### Exercise instructions
Transcribe word for word the section of the records below that opens with the line containing "LA JURISPRUDENCE ADMINISTRATIVE" and closes with the line containing "ارزش بازار RWAهای"; drop every picture.

### Input for this task

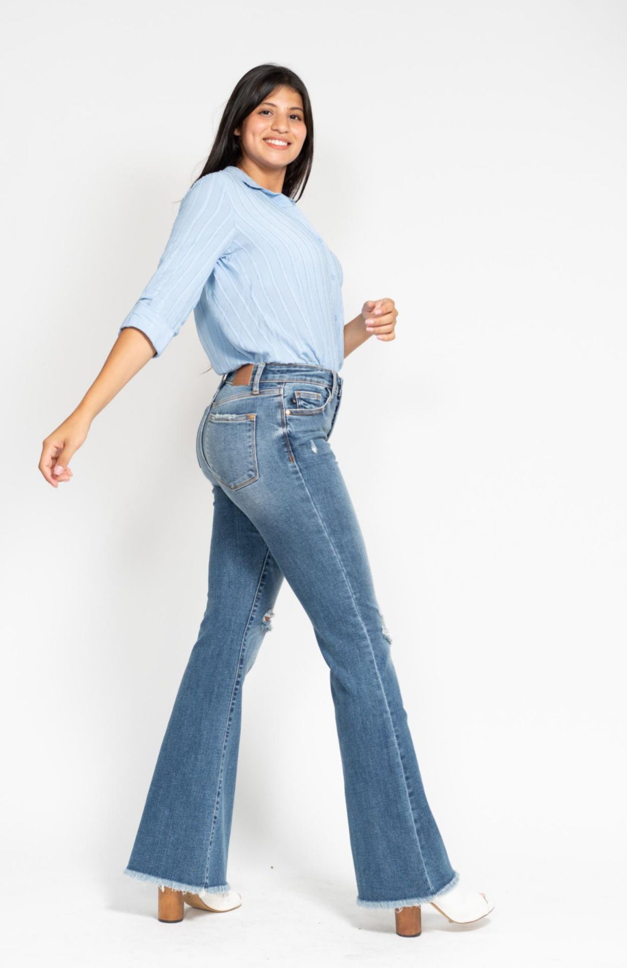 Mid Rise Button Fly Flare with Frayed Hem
--
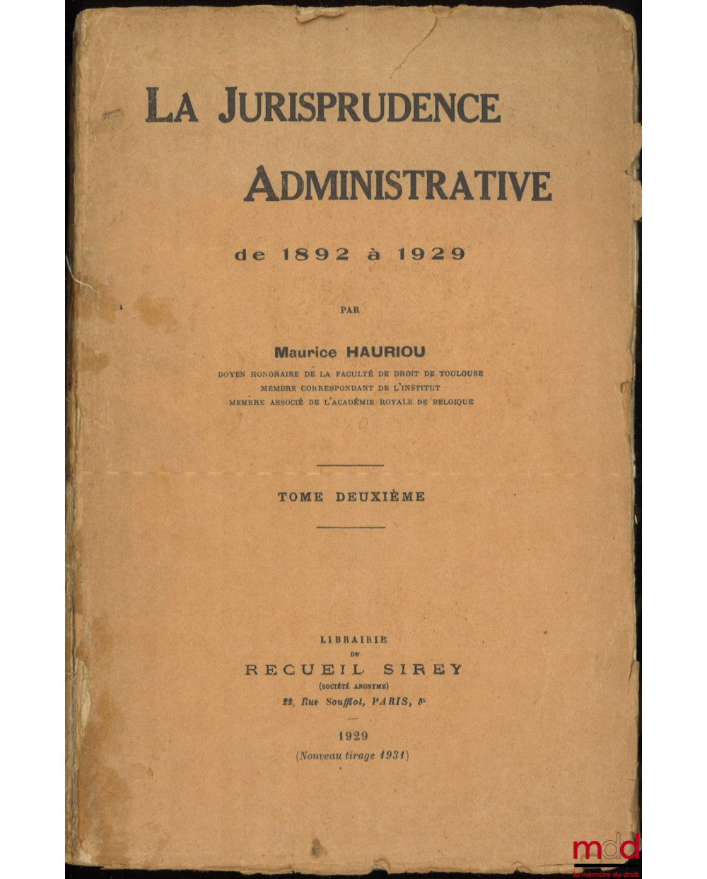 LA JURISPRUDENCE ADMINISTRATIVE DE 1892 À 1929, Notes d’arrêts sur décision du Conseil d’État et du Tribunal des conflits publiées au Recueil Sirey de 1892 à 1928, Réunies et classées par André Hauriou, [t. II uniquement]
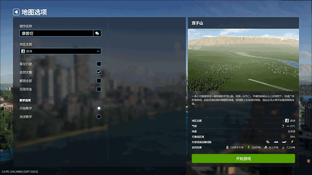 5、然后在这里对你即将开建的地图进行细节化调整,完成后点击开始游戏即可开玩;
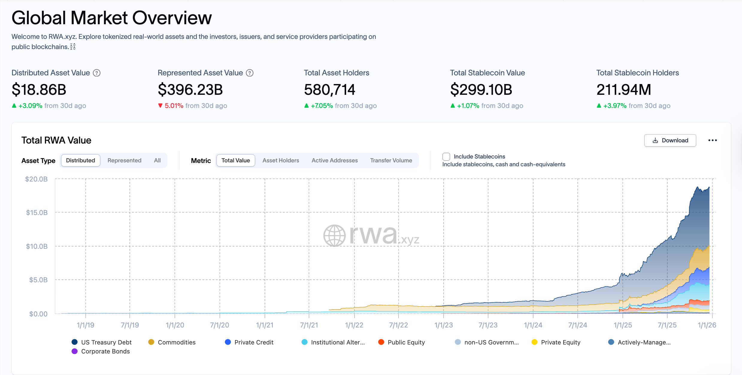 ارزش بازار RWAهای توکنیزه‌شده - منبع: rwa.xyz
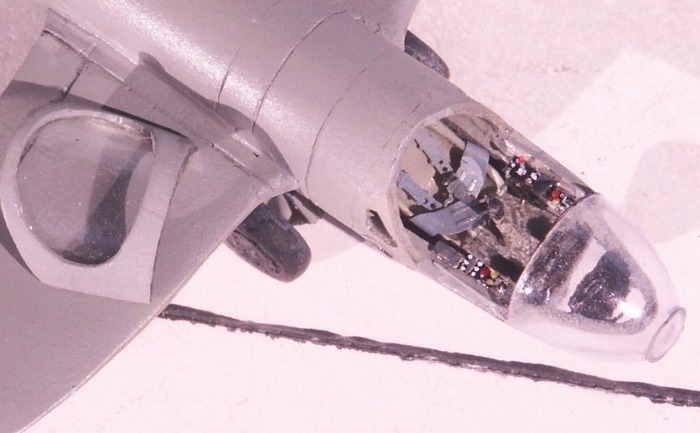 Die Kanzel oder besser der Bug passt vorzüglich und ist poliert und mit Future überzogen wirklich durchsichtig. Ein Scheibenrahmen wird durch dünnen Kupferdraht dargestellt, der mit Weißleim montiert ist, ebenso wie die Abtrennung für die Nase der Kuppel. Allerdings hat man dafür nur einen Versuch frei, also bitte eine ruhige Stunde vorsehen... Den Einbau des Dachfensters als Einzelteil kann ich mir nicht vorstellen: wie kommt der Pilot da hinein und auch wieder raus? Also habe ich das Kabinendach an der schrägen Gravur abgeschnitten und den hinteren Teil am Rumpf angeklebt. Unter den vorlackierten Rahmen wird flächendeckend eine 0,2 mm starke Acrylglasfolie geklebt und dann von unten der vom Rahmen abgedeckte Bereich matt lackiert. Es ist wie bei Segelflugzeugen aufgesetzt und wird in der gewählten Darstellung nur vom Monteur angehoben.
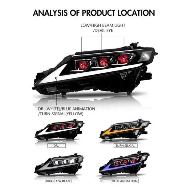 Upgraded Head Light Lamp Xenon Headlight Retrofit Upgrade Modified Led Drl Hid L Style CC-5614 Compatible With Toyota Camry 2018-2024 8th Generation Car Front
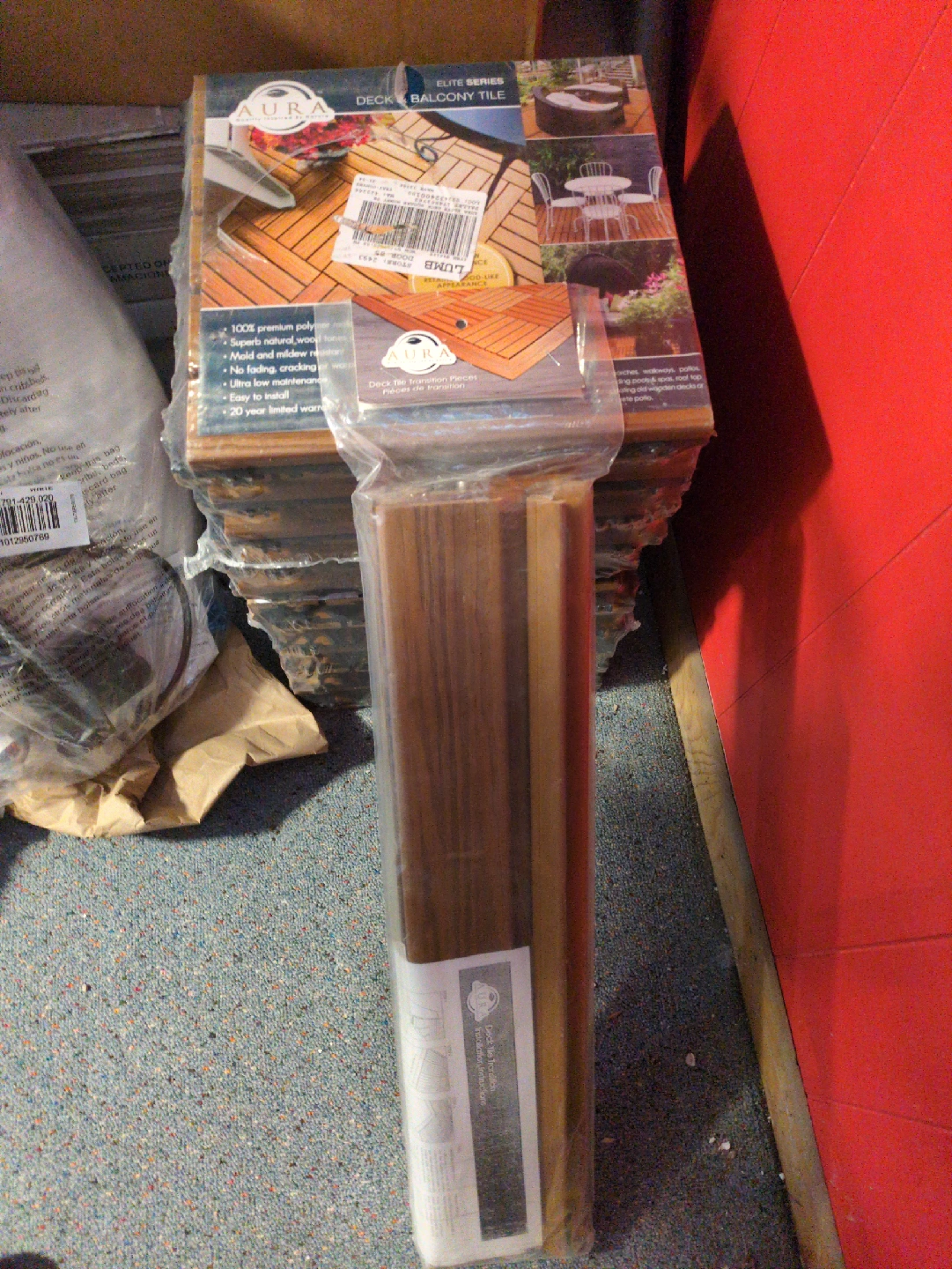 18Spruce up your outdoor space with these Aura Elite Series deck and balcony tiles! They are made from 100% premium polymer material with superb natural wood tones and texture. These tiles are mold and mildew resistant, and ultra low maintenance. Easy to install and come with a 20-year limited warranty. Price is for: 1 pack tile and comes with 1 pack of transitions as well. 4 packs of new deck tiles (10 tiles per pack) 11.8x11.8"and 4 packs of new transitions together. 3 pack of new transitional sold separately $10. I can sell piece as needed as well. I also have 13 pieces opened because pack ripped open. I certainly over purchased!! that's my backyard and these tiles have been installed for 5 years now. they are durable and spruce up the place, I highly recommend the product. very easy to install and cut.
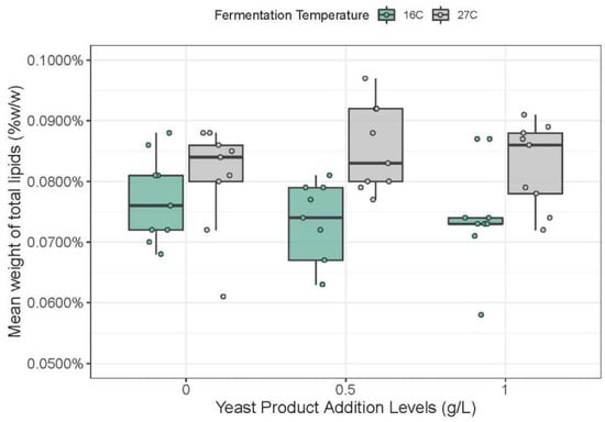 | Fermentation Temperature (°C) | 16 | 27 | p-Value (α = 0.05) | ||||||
* * *
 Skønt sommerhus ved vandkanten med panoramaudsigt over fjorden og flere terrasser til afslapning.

### Your response
 LA JURISPRUDENCE ADMINISTRATIVE DE 1892 À 1929, Notes d’arrêts sur décision du Conseil d’État et du Tribunal des conflits publiées au Recueil Sirey de 1892 à 1928, Réunies et classées par André Hauriou, [t. II uniquement]
 5、然后在这里对你即将开建的地图进行细节化调整,完成后点击开始游戏即可开玩;
 ارزش بازار RWAهای توکنیزه‌شده - منبع: rwa.xyz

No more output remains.